For over two years, OpenAI's legal team claimed it was technically impossible to search its training corpus or output logs for copyrighted material. Monaco's deposition contradicts that directly. According to the motion, OpenAI had already conducted exactly those searches - and held the results.
The original discovery request asked for 120 million chat logs. OpenAI negotiated that figure down to 20 million, then submitted a sample in December 2025 that the court described as so heavily redacted as to be "unusable." Publishers now allege that OpenAI also deleted billions of outputs during the litigation period and substituted millions of logs within the sample it eventually provided.

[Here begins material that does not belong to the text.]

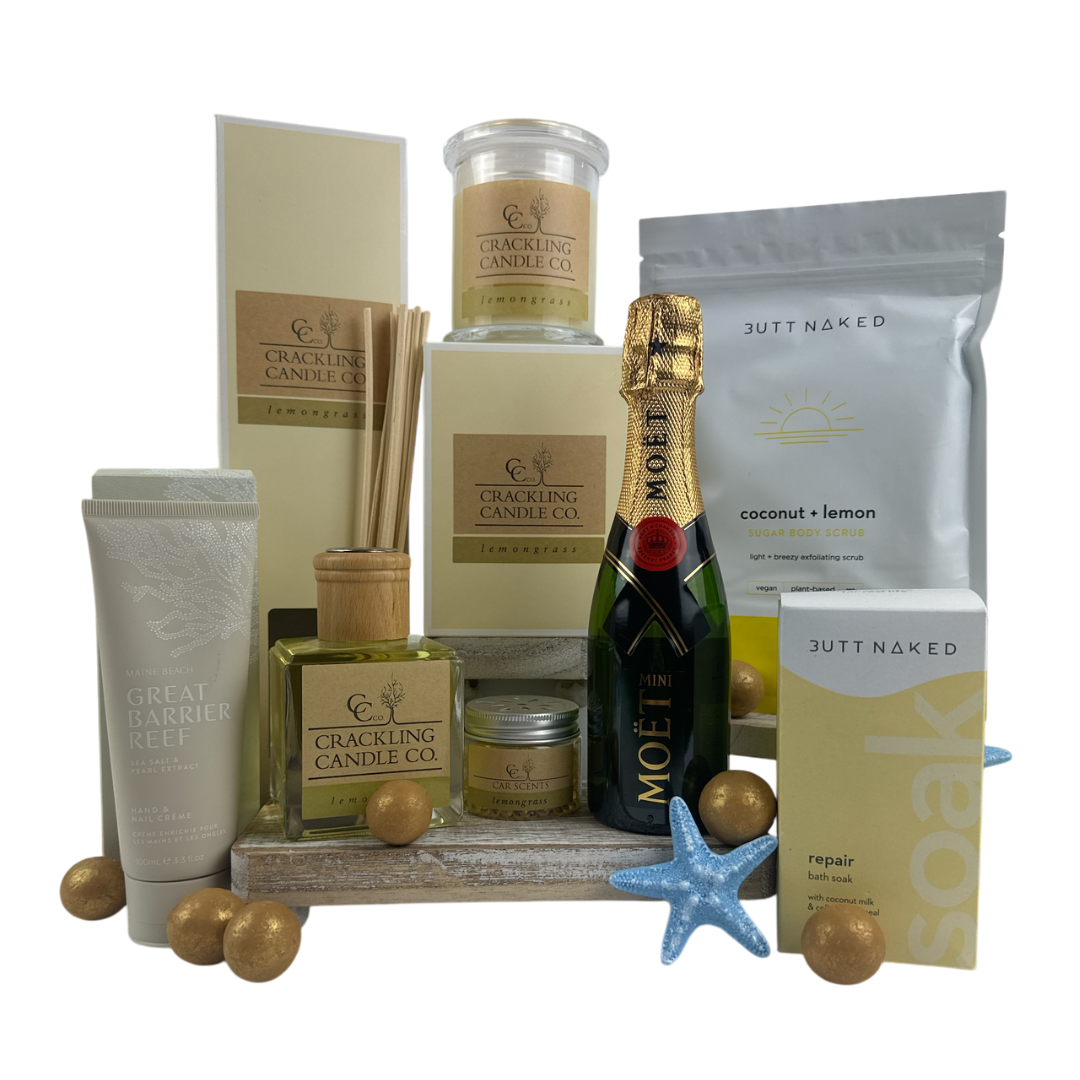 Bright, bubbly and beautifully balanced, the Summer Lemon hamper is the perfect fusion of luxury and refreshment. Pop the Moët & Chandon Piccolo, then indulge in a zesty Coconut & Lemon Sugar Scrub and soothing Repair Soak from Butt Naked. Pamper skin with Maine Beach’s Great Barrier Reef Hand & Nail Cream, and uplift the senses with a boxed candle, diffuser and car scent from Crackling Candle Co – all locally made on the Sunshine Coast. Beautifully presented in a premium magnetic-close gift box, it’s a stunning gift for birthdays, thank-yous, or sun-soaked self-care.

Project Giraffe and the Bloom Filter
Shortly after the Times filed its initial lawsuit in late 2023, OpenAI built a set of internal detection tools it called "Project Giraffe." The key component was a Bloom filter - a data structure used to check whether an output matches a set of known strings - that detected and logged instances where ChatGPT reproduced content from its training data.
Put differently, OpenAI was tracking regurgitation internally while telling the court it couldn't measure or identify it. The publishers argue that Project Giraffe was itself an admission that the company knew wholesale reproduction was happening.
The sanctions motion turns on whether OpenAI deliberately withheld evidence that would have shown widespread content reproduction.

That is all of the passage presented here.